I am using docker for netbox and docker(-topo) for my arista cEOS switches. So the connectivity between netbox and ceos is via the IPs/interfaces/bridges created by docker. And remember… you have iptables under the hood. My first mistake was telling netbox to use 0.0.0.0 as it is the one I am using to testing from my scripts when connecting to ceos. Netbox needs to point to the IP assigned by docker :facepalm: 192.16.16.x in my case. Second one, the port, same thing docker exposes the port 443 as 900x for external connections and I use 900x in my scripts. From netbox point of view, it is still 443 :facepalm: And finally, I am calling docker twice for building my lab, one for netbox-docker and the other for ceos. You need to keep an eye on iptables changes when restarting netbox via docker-compose because you can be in the situation that netbox traffic is dropped in DOCKER-ISOLATION-STAGE-1 :facepalm: (need to try to write a docker-compose to build everything in one go)

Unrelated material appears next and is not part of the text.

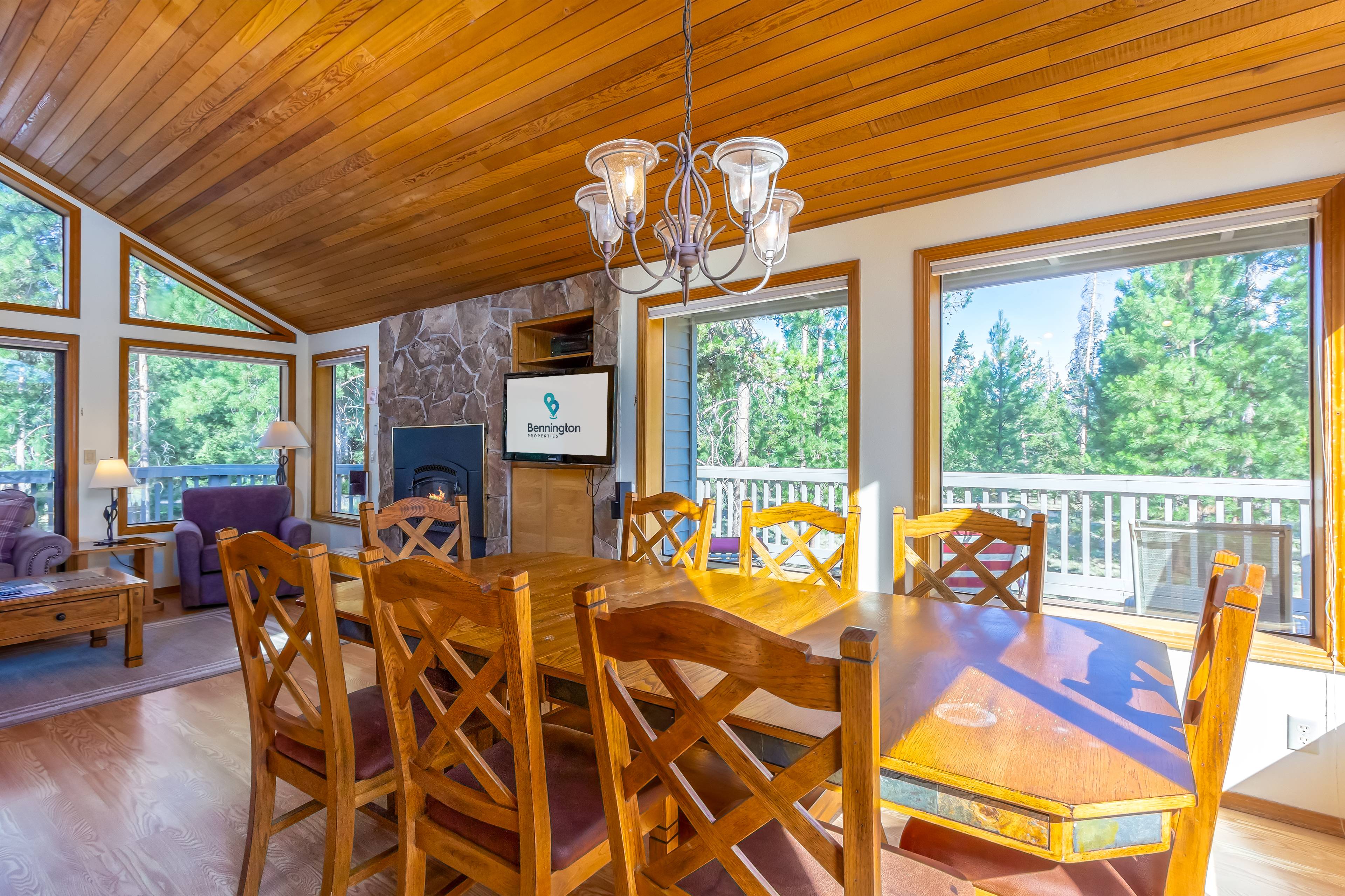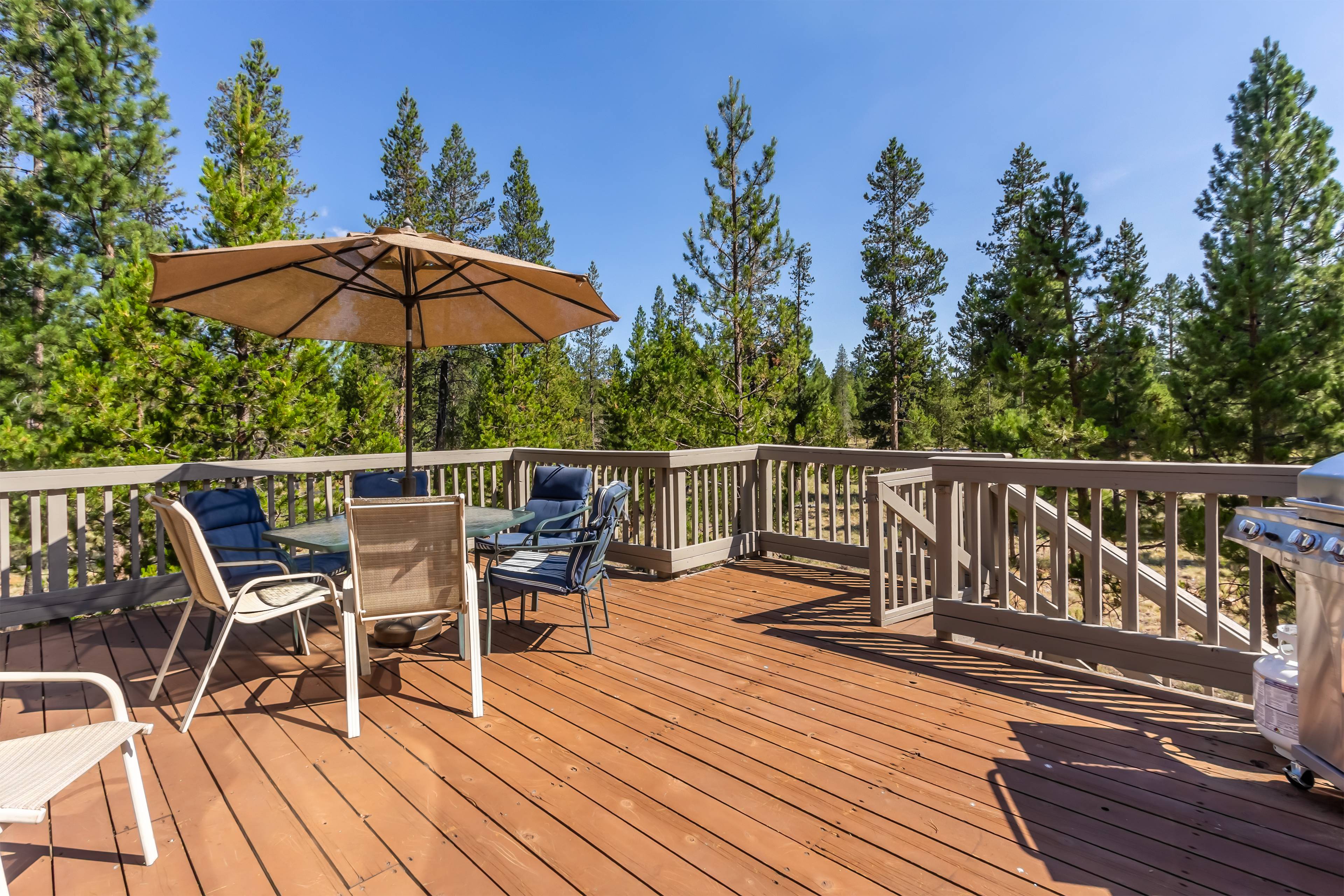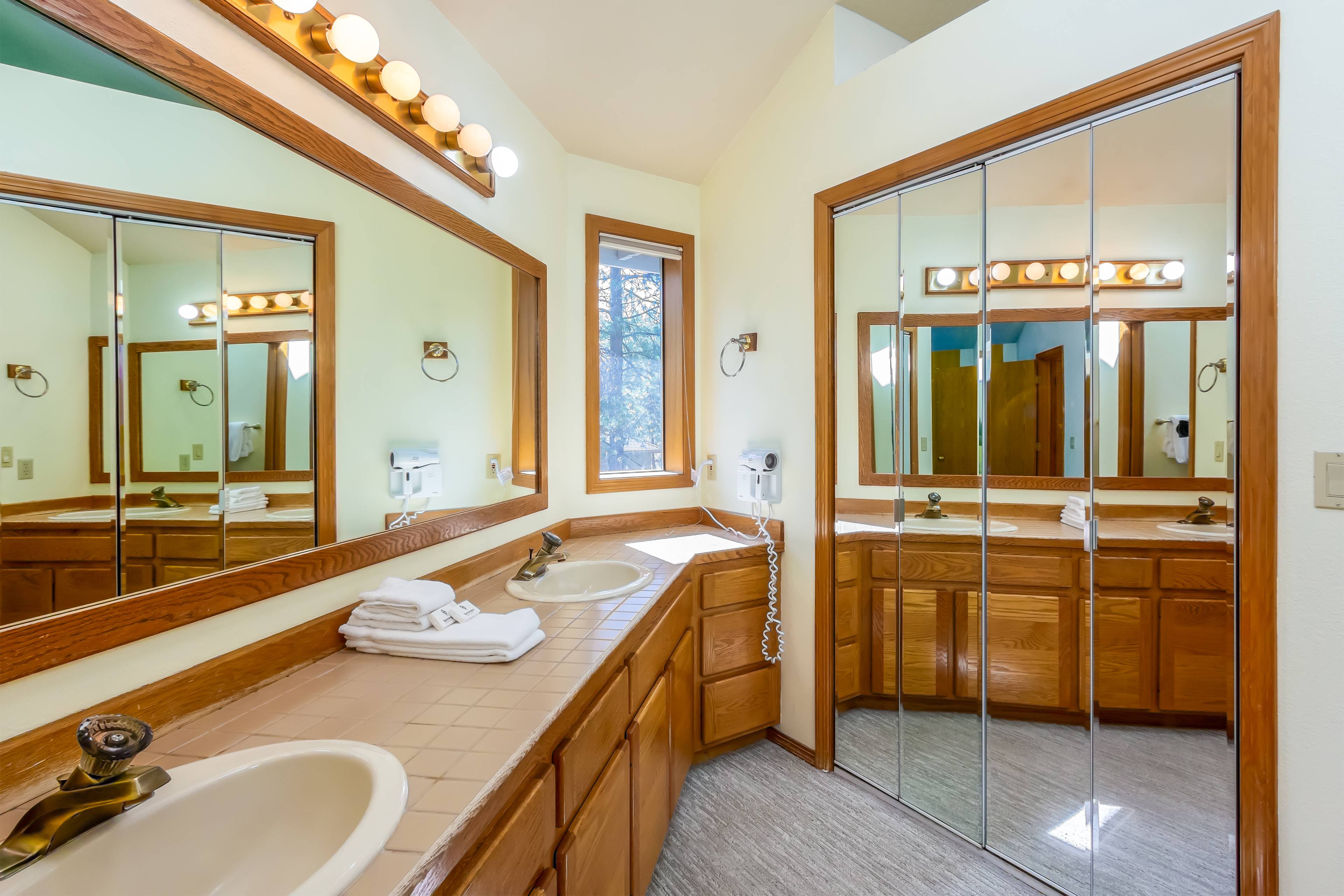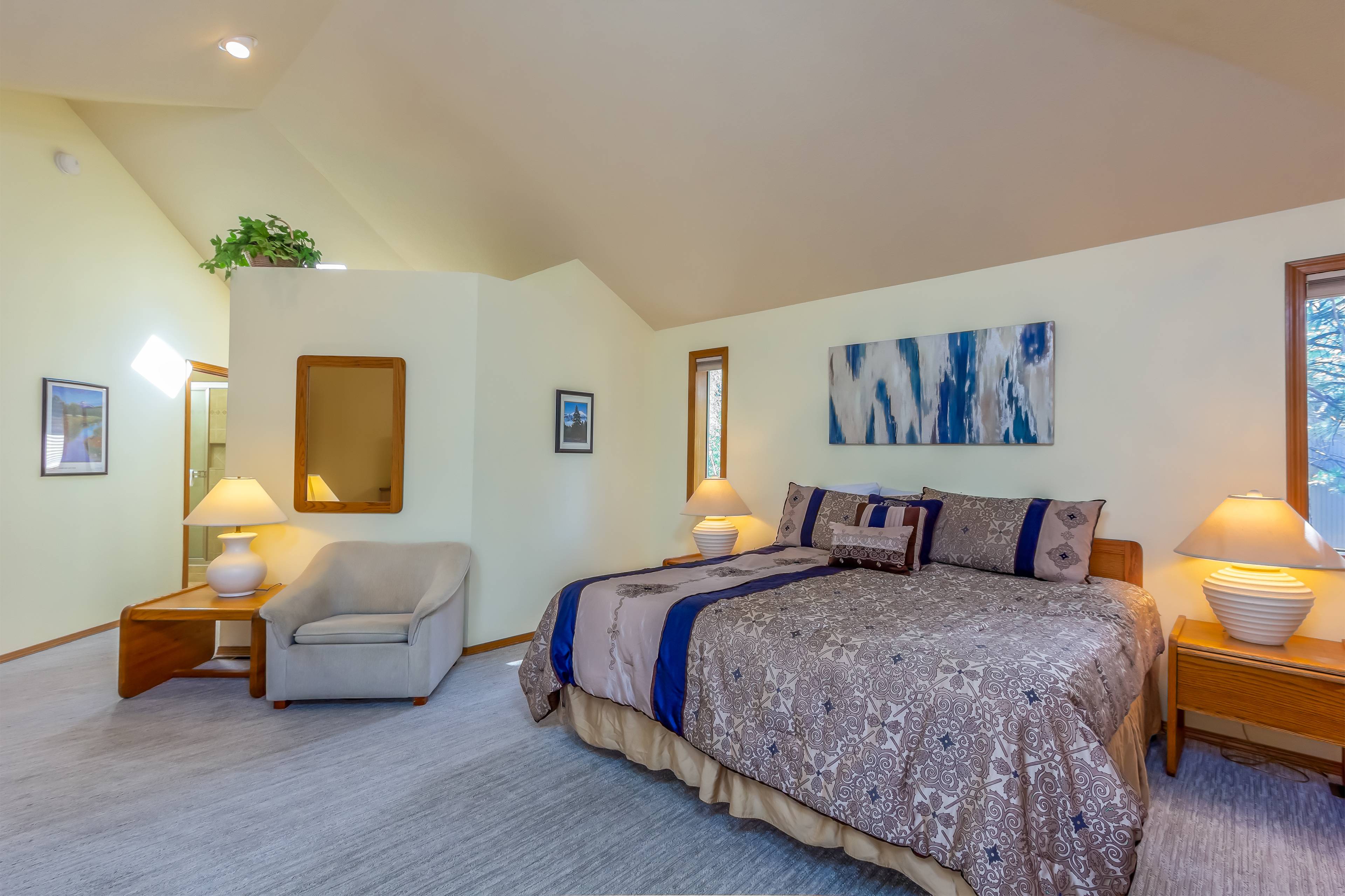 Great home in north Sunriver with tons of gorgeous natural light pouring in through the many windows. This reverse-living, air-conditioned home features a great room upstairs with cozy living room furnishings, a dining room with seating for 8, plus 3 more at the breakfast bar, and a fully stocked kitchen with a Keurig.

So when I was having errors from netbox that it was being rejected when connecting to ceos devices via NAPALM, I couldnt understand it. My scripts were fine using those details (0.0.0.0:900x)

I ran tcpdump on one ceos on the “ethernet0” interface and NOTHING was hitting the interface from netbox on port 900x but my scripts could…..

Somehow netbox wasnt able to reach ceos r1??? In my head, netbox and ceos devices were all in 0.0.0.0….. so no routing, no firewalls, they are connected in the same network 0.0.0.0…..

At the end I waked up and realised that the docker devices are using the IPs provided by docker so it is following normal routing… and firewalling by iptables. The same for ceos devices, they have IPs (different from 0.0.0.0)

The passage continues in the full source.